Darauf ist auch Herbert Schaible gespannt. Der Schäfer aus Aidlingen-Dachtel im Kreis Böblingen wird Anfang Oktober zwei der geplanten vier Projekt-Testhunde in Empfang nehmen. Vor einigen Tagen hat er sie gemeinsam mit Anette Wohlfarth beim Züchter in Brandenburg begutachtet und sich erste Tipps für den Umgang geholt. Schaible, der selber Schäferhunde züchtet und ausbildet, weiß, dass er jetzt einiges neu lernen muss. „Herdenschutzhunde reagieren anders als Hütehunde“, erklärt er, „sie haben keinen Grundgehorsam.“ Zwar seien die ausgewählten Pyrenäenberghunde brandenburgerischer Herkunft auf den Menschen sozialisiert, doch hörten sie nicht auf gängige Befehle. Ihre Kommandostelle ist die Schafherde, in der sie Tag und Nacht leben und die sie gegen Eindringlinge verteidigen sollen.
Schutzhunde machen mehr Arbeit
Als Eindringlinge sehen die Schutzhunde im Übrigen auch die Hütehunde – mit entsprechenden Folgen für die Arbeit des Schäfers. Ein hinkendes Schaf einfach schnell mit Hilfe der Hunde einfangen und behandeln, das wird in Zukunft nicht mehr gehen, vermutet Schaible. Stattdessen wird er zunächst die Schutzhunde von der Herde trennen und einsperren müssen, bevor er mit den anderen Hunden zwischen die Tiere kann. Das bedeutet aber auch, dass er auf der Koppel einen Zwinger oder Anhänger zum Wegsperren der Herdenaufpasser braucht.

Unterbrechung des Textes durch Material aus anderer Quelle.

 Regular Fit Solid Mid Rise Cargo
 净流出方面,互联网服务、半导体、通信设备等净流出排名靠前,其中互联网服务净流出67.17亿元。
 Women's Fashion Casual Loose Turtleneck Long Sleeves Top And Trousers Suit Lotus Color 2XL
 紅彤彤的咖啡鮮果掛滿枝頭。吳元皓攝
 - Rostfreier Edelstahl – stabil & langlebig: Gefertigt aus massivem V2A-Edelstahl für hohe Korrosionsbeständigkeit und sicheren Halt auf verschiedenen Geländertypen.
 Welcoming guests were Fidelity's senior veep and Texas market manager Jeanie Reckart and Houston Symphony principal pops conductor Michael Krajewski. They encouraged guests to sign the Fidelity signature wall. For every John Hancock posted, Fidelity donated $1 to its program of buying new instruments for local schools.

Die Frage wird sein, wie stark das Abwehrverhalten der Schutzhunde gegen die eigenen Hunde tatsächlich ist, sagt Schaible. Neugierig ist der 50-Jährige auch darauf, wie schnell die Schafe lernen, dass „Hund nicht gleich Hund“ ist. Darüber hinaus interessiert ihn aber vor allem, wie viel zusätzliche Arbeit auf ihn zukommt. So ist schon die Fütterung der Pyrenäenberghunde aufwendiger, weil sie zweimal am Tag draußen auf der Weide stattfindet. Zudem brauchen die Schafbewacher Wasser und laut Tierschutzgesetz auch einen Unterschlupf zum Schutz gegen Wind und Wetter. „Mal sehen, wie Spaziergänger reagieren, wenn sie die Hunde auf der Winterweide im Schnee liegen sehen“, meint Herbert Schaible. Seinen Erfahrungen zufolge ist allerdings ziemlich sicher mit empörten Anrufen von besorgten Tierfreunden zu rechnen.

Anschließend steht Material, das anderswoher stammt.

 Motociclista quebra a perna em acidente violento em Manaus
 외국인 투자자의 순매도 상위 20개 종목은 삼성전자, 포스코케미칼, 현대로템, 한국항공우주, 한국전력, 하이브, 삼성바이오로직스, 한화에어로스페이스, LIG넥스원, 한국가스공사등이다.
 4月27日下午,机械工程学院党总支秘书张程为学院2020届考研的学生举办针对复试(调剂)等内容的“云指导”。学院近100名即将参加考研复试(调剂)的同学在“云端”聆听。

Der professionelle Mutterschafhalter aus dem Gäu hat damit grundsätzlich kein Problem. Er ist geduldig genug, den Anrufern dann das Wieso und Warum zu erklären. Dennoch würde er sich gerade in Sachen Wolf mehr öffentliches Verständnis für die Sorgen und Nöte seiner Zunft wünschen. Seiner Meinung nach muss ein Umdenken in der Gesellschaft stattfinden, wenn es allgemeiner Wille ist, dass der Wolf auch im Südwesten wieder heimisch wird. „Es kann nicht sein, dass Wölfe alles dürfen und wir Schäfer mit unendlichen Vorschriften schikaniert werden“, sagt er mit Nachdruck. An der Rückkehr des Raubtieres hat er keine Zweifel. Es sei auch in Baden-Württemberg trotz dichter Besiedelung genügend Platz.
Staat muss Kosten übernehmen
Und dann ist da noch die ungelöste Frage, wer die Kosten für die Wolfschutzmaßnahmen und den Mehraufwand übernimmt. Schaible hat überschlagen, dass ihn ein Herdenschutzhund inklusive des Anschaffungspreises von 3500 Euro in der Summe rund 10.000 Euro kosten würde. Mit einem Aufpasser ist es allerdings nicht getan. In Brandenburg werden zwei bis drei Hunde pro Herde eingesetzt. Für Schaible heißt das, dass er für seinen Betrieb mit etwa 500 Mutterschafen, die in zwei bis vier Gruppen aufgeteilt sind, sechs bis neun Hunde braucht. Außerdem müsste er zusätzlich seinen Offenstall für die Lämmeraufzucht, der abseits der anderen Betriebsgebäude in der freien Landschaft steht, für geschätzte 150.000 Euro mit Elektrozäunen wolfsicher machen.
Nach Überzeugung des Landesschafzuchtverbandes dürfen die Kosten für Präventionsmaßnahmen auf keinen Fall bei den Schäfern hängenbleiben. „Unsere Meinung ist“, erklärt Geschäftsführerin Wohlfarth, „dass die Leute, die den Wolf wollen, auch für die Kosten aufkommen sollen.“ Dringend geregelt gehört außerdem die Haftpflichtfrage. „Die Schuld darf nicht beim Schäfer liegen, wenn eine Herde bei einem Wolfübergriff zum Beispiel auf eine befahrene Straße flüchtet“, unterstreicht sie.